YOUR GOAL: Please give back exactly the line with "4 stk. Kgl." and each line after it through the end of the material, leaving out the pictures.
═══ RECORDS TO PROCESS ═══
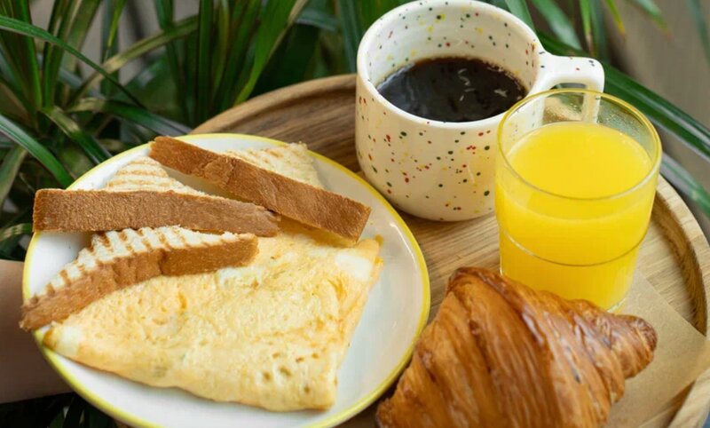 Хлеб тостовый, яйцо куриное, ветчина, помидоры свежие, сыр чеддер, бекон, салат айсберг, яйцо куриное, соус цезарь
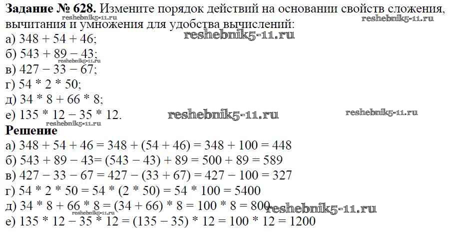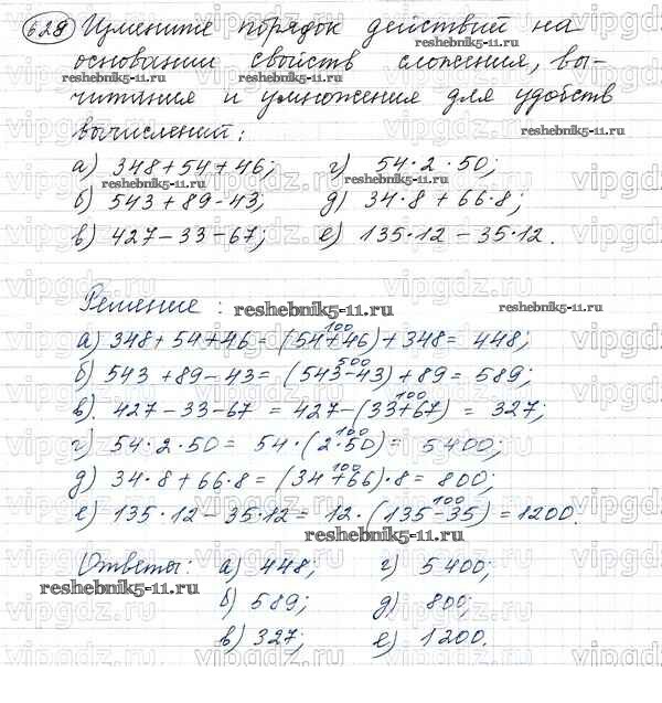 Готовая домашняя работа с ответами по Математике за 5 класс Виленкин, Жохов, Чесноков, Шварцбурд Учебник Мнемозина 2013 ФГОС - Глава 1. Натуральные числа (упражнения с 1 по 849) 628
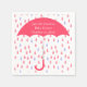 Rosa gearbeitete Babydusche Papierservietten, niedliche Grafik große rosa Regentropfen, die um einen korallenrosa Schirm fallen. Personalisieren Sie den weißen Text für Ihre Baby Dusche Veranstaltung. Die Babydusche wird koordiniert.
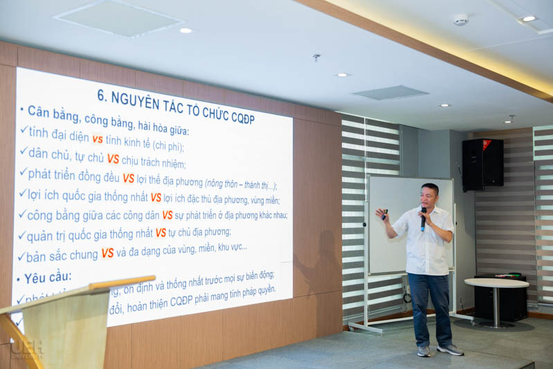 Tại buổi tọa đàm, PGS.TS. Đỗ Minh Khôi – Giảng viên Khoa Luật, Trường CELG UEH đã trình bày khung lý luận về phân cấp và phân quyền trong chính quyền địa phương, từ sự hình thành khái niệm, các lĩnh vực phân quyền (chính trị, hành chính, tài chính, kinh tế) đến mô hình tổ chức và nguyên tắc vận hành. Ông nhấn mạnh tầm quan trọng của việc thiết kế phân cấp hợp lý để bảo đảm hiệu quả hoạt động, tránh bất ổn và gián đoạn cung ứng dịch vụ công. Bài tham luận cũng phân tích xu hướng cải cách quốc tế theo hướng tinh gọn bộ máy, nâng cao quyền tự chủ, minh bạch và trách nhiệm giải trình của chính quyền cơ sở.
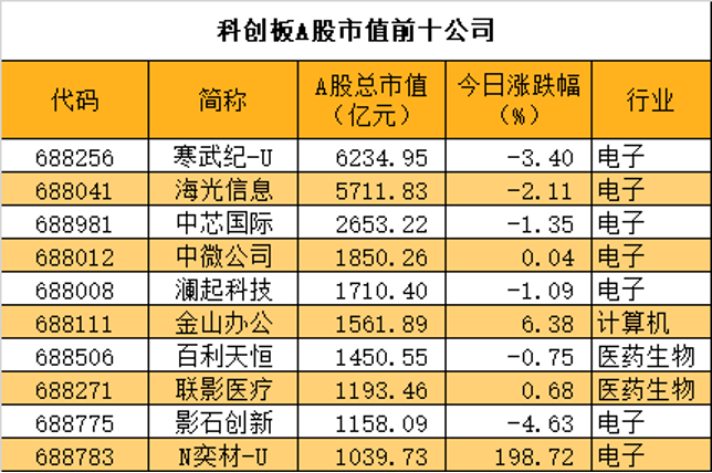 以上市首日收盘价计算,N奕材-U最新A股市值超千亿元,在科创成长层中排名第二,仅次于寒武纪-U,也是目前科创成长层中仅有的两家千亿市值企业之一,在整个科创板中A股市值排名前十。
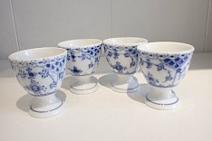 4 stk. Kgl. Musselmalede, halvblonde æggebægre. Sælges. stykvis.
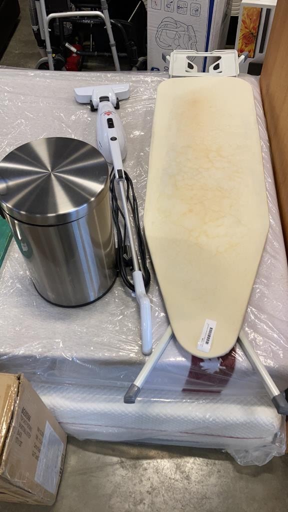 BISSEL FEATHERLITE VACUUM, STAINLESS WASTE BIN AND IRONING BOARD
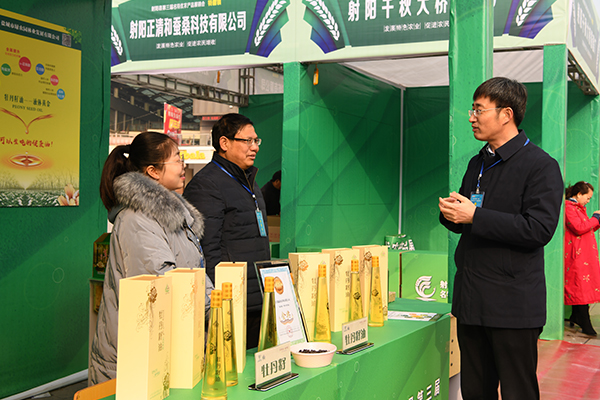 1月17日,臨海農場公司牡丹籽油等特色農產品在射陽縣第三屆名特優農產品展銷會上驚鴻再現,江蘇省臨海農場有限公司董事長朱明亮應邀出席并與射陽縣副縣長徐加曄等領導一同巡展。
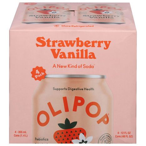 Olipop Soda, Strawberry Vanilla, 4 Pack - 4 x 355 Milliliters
═══
TASK RESPONSE:
 4 stk. Kgl. Musselmalede, halvblonde æggebægre. Sælges. stykvis.
 BISSEL FEATHERLITE VACUUM, STAINLESS WASTE BIN AND IRONING BOARD
 1月17日,臨海農場公司牡丹籽油等特色農產品在射陽縣第三屆名特優農產品展銷會上驚鴻再現,江蘇省臨海農場有限公司董事長朱明亮應邀出席并與射陽縣副縣長徐加曄等領導一同巡展。
 Olipop Soda, Strawberry Vanilla, 4 Pack - 4 x 355 Milliliters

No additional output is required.